Strange things have happened to bluejeans, it seems.
They were supposed to be practical; then they were fashionable. They were supposed to be cheap; then they weren’t. They were supposed to be a niche item; then they were everywhere (shown here).
That left filmmaker Anna Lee Strachan with a logical question: “Why is everyone in the world walking around in the same pair of pants?”
So she created “Riveted: The History of Jeans,” which debuts at 9 p.m. Monday (Feb. 7), to open PBS’ “American Experience” season. It tells of changes that kept surprising people.
One jolt came in 1999, fashion historian Emma McClendon told the Television Critics Association, when Tom Ford priced a pair at $2,800. “But what shocked everybody even more is that the jeans sold out.”
This was the exact opposite of the birth of bluejeans.
At first, people just wore them because they had to. Denim jeans were worn by slaves, laborers, cowboys, farmers – people who did tough work and needed something to last forever. But then …
Tanisha Ford, now a history professor at City University of New York, recalls when she was working on her dissertation. “I came across a photograph of two sisters” in the Mississippi civil-rights struggle. “They were wearing denim overalls at the march in Washington. And it blew my mind.”
Most images of the march, she said, had “people dressed in their Sunday best.” But now protestors were deliberately wearing the same type of pants their ancestors had during slavery.
She eventually traced a “long history of jeans as a symbol of racial protests within Black communities, from the early civil rights movement through the hip hop generation.”
There was another side, she said. Entering the workplace after getting her master’s degree in 2005, she was suddenly paying from $120 to $200 for a single pair. Other Black women were also buying such jeans “because they were a sign that we were fulfilling our elders’ dreams of professionalism.”

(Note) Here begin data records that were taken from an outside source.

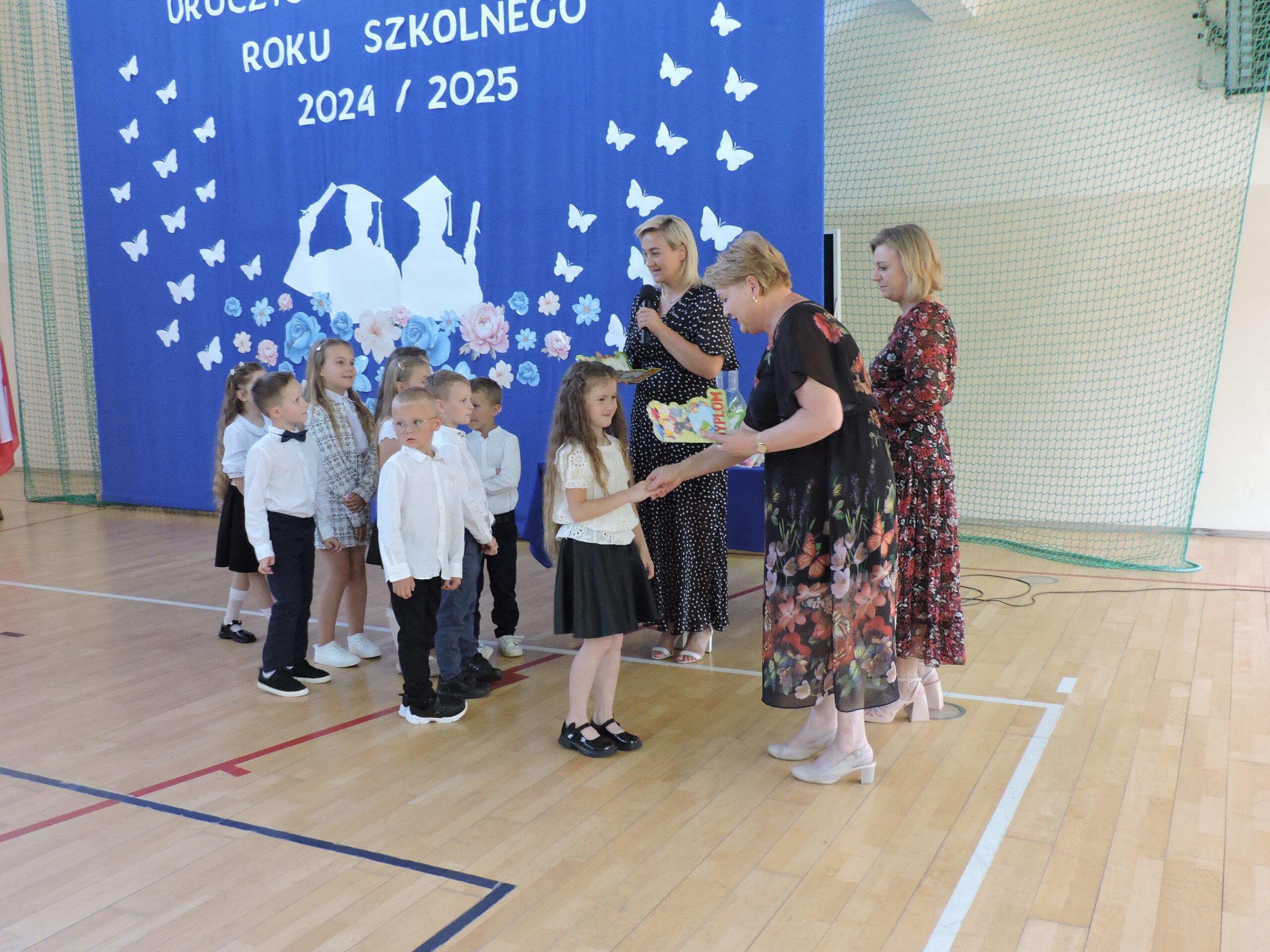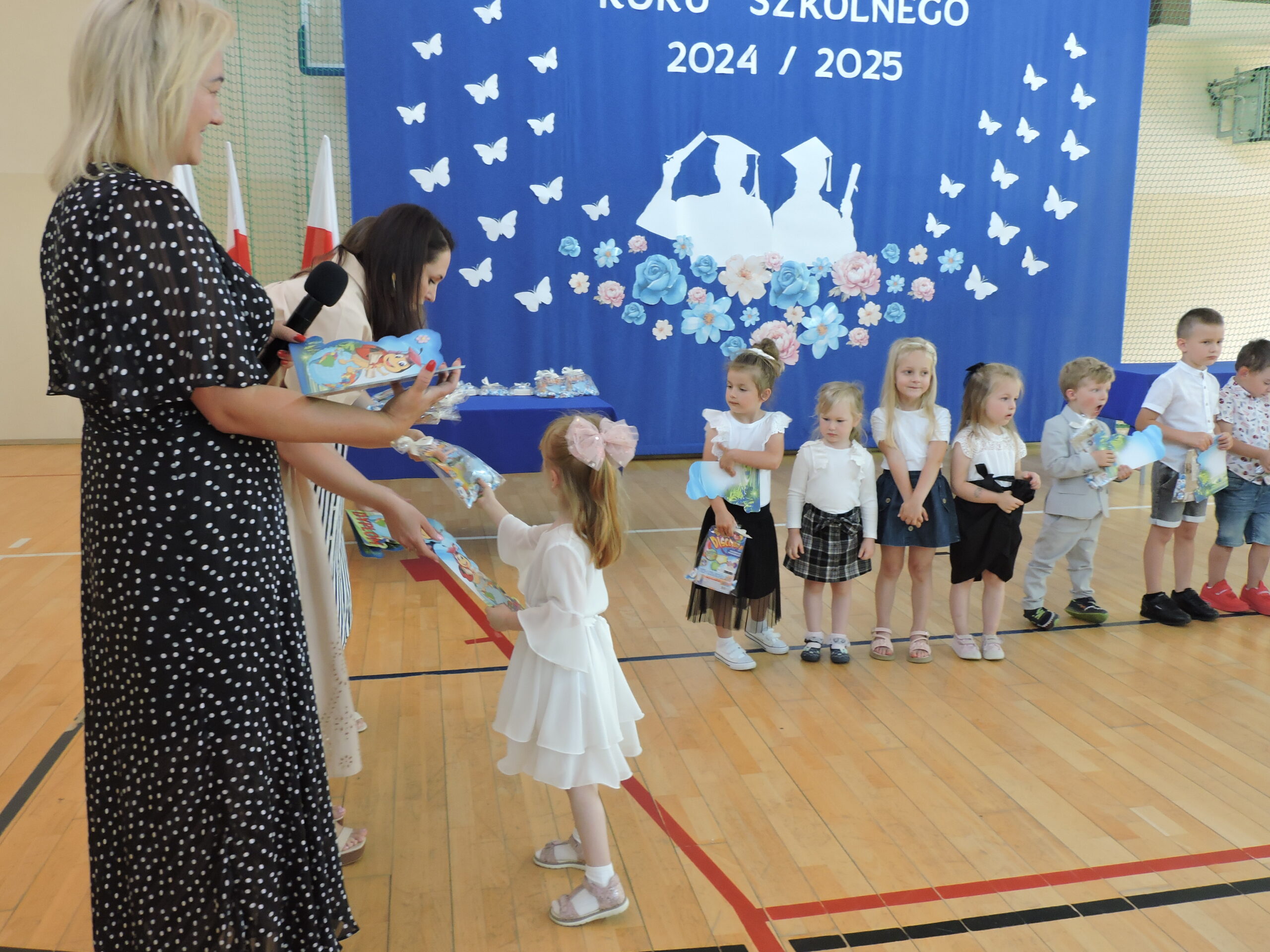 Kulminacyjnym momentem wydarzenia było wręczenie dyplomów przez Panią Dyrektor, która w ciepłych słowach podsumowała mijający rok oraz pogratulowała dzieciom zdobytych umiejętności i sukcesów. Dzieci opuszczające przedszkole otrzymały również pamiątkowe dyplomy i drobne upominki.
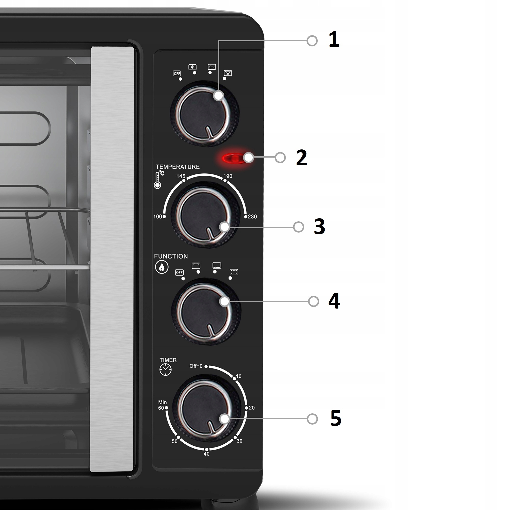 Regulacja temperatury w zakresie 100-230°C pozwala na dostosowanie do własnych potrzeb, a timer do 60 min umożliwia kontrolowanie procesu pieczenia.
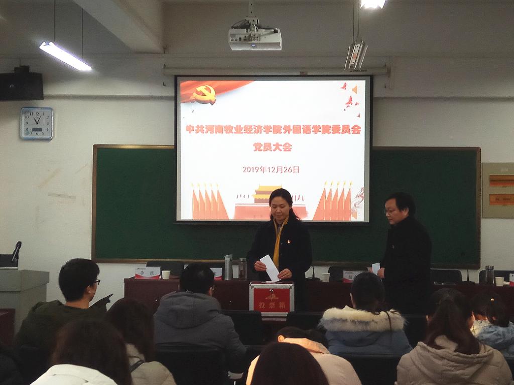 按照校党委统一部署和校组〔2019〕45号批复,12月26日下午,ok138cn太阳集团古天乐党委在二号教学楼C517召开全体党员大会,选举产生ok138cn太阳集团古天乐党委新一届委员会委员。副校长杨志清及学院全体党员师生参加会议,会议由院长陈延潼主持。
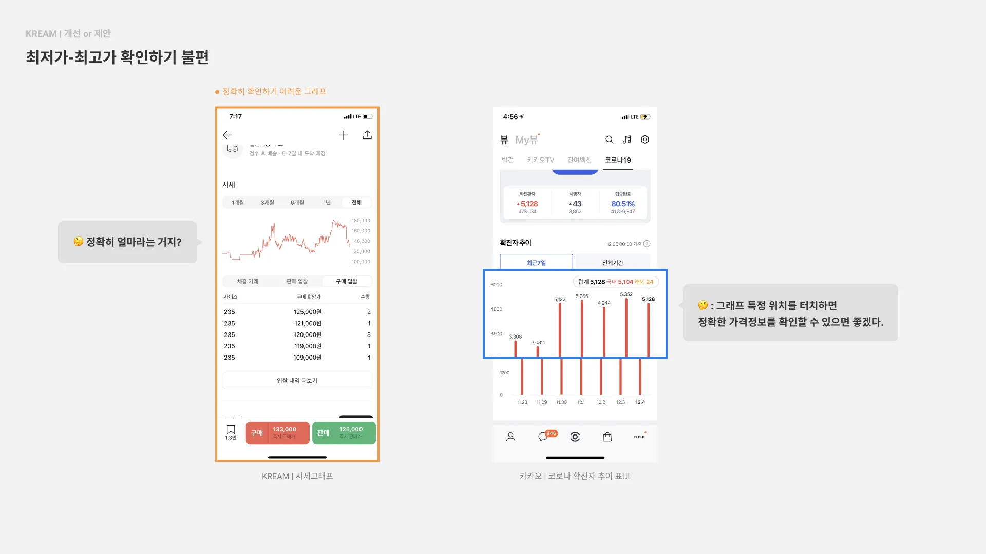 : 그래프 특정 위치를 터치하면 정확한 가격정보를 확인할 수 있으면 좋겠다.
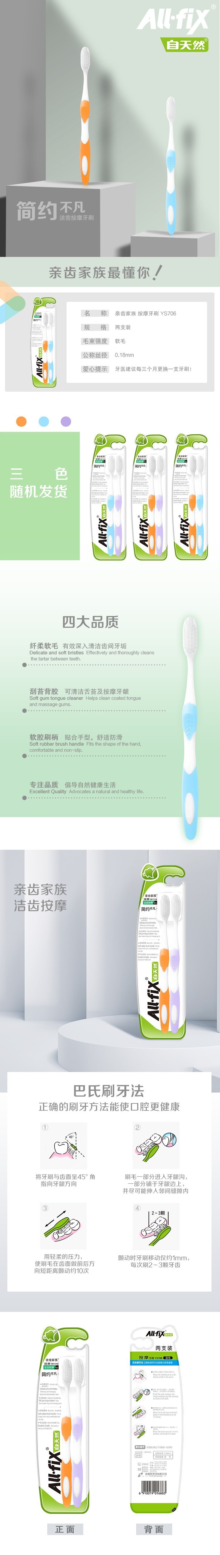 纳爱斯 YS706 亲齿家族按摩牙刷 2支/组(单位:组)
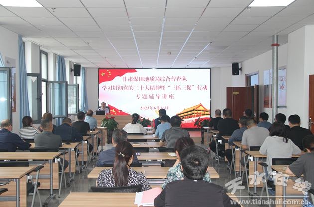 為深入學(xué)習(xí)貫徹黨的二十大精神,有序推進“三抓三促”行動,引導(dǎo)黨員干部深刻領(lǐng)會和準(zhǔn)確把握黨的二十大精神的豐富內(nèi)涵和精神實質(zhì),6月16日,甘肅煤田地質(zhì)局綜合普查隊舉辦了黨的二十大精神暨“三抓三促”行動專題輔導(dǎo)講座。此次講座邀請?zhí)焖形v師團成員、市委黨校黨史與黨建教研部副主任侯強強作專題輔導(dǎo)。普查隊在隊班子成員、中層干部、全體在職黨員和入黨積極分子參加。講座由該隊黨委副書記、紀(jì)委書記張永旭主持。
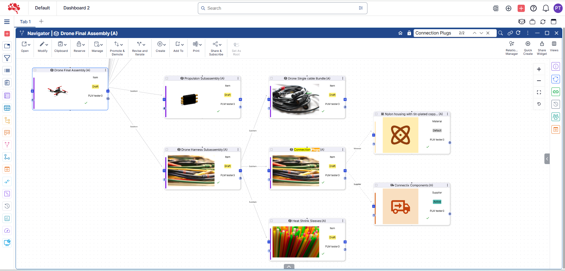 The Navigator Widget visualizes all relationships within the PLM ecosystem, allowing users to explore connected data and move between items with a single click.

Along the way, strange things were happening to jeans. They ranged from skinny legs to bell-bottoms. They were ripped (usually by machine in a calculated pattern, McClendon said) and faded.
Still, some things remain unchanged, including this: Bluejeans usually remain blue.
That began simply because indigo dye was so readily available. Denim could be any color now, but blue remains dominant. “Humans really seem to like blue,” Strachan said. “The other reason may be that blue is really good at hiding dirt.”
Then again, some of these people never get near dirt. They wouldn’t want their denim to get dirty, their ripped jeans to get ripped.